** Data below follows **
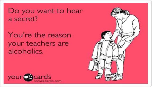 Here’s something that may blow your mind: teachers are human beings who have lives and interests. Some of those interests may have absolutely nothing to do with children – imagine that! They’ve also been known to have a sense of humor and even on some occasions drink alcohol. Shocking, isn’t it? How dare they!
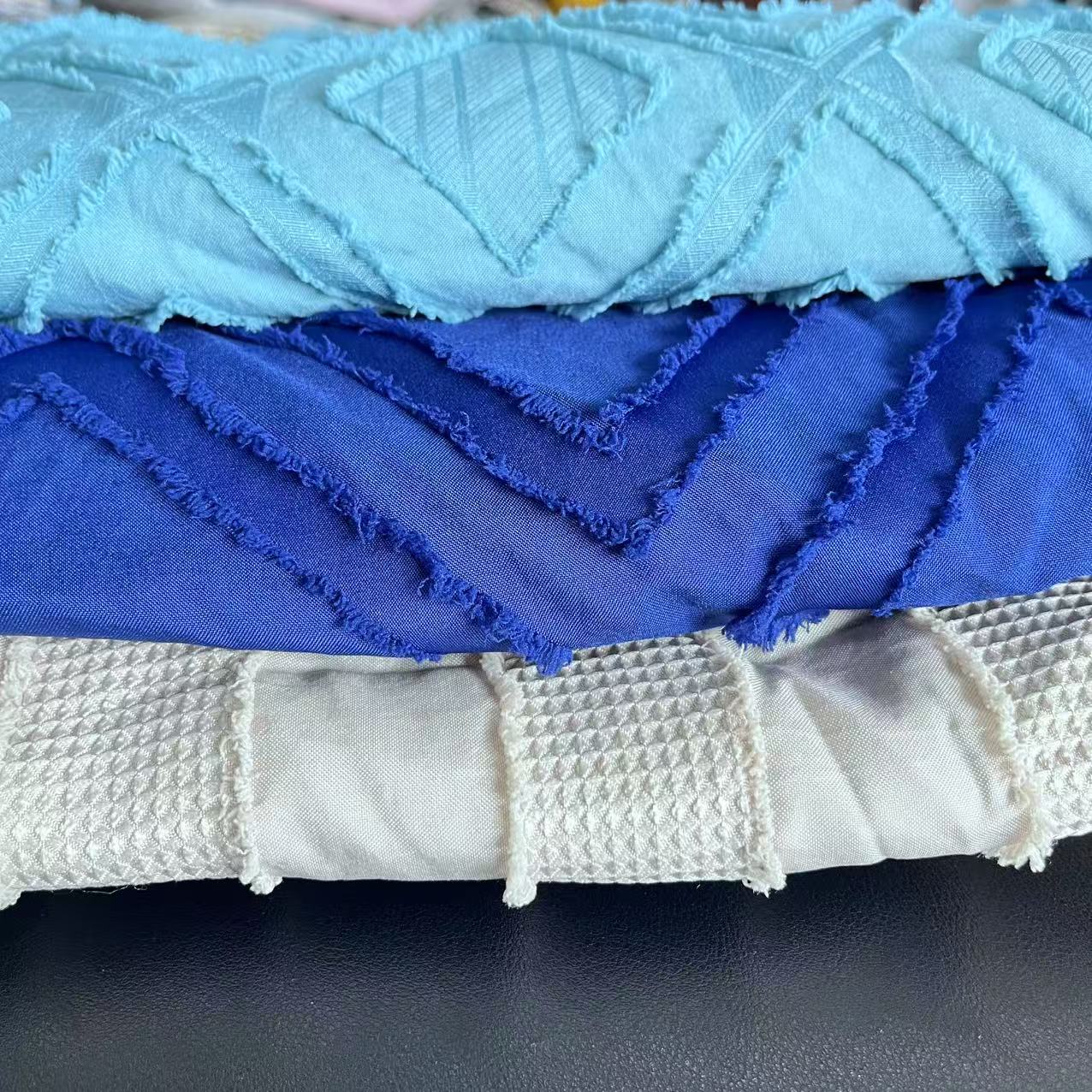 في الوقت الحاضر، تمتلك الشركة المعدات التالية: 5 مجموعات من آلات التمدد و7 شاحنات تزييفها. نحن نتعامل بشكل رئيسي مع نسيج البوليستر الفارغ، ومواصفات مختلفة من القماش المصقول، والنسيج المطبوع والمصبوغ، والفراش ومنتجات المنسوجات المنزلية الأخرى.
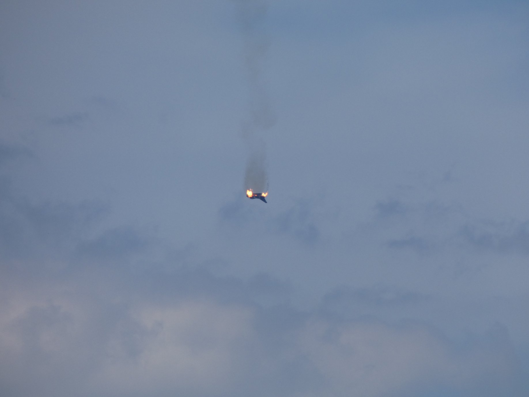 Αμέσως μετά την πρόσκρουσή του στο έδαφος διακρίνεται μαύρος καπνός με τους αυτόπτες μάρτυρες να παρατηρούν έκπληκτοι το απίστευτο γεγονός.
** End of Data below **
> **Exercise description**:
Line by line, return the listing above exactly, leaving out its pictures.

> **Expected output**:
 Here’s something that may blow your mind: teachers are human beings who have lives and interests. Some of those interests may have absolutely nothing to do with children – imagine that! They’ve also been known to have a sense of humor and even on some occasions drink alcohol. Shocking, isn’t it? How dare they!
 في الوقت الحاضر، تمتلك الشركة المعدات التالية: 5 مجموعات من آلات التمدد و7 شاحنات تزييفها. نحن نتعامل بشكل رئيسي مع نسيج البوليستر الفارغ، ومواصفات مختلفة من القماش المصقول، والنسيج المطبوع والمصبوغ، والفراش ومنتجات المنسوجات المنزلية الأخرى.
 Αμέσως μετά την πρόσκρουσή του στο έδαφος διακρίνεται μαύρος καπνός με τους αυτόπτες μάρτυρες να παρατηρούν έκπληκτοι το απίστευτο γεγονός.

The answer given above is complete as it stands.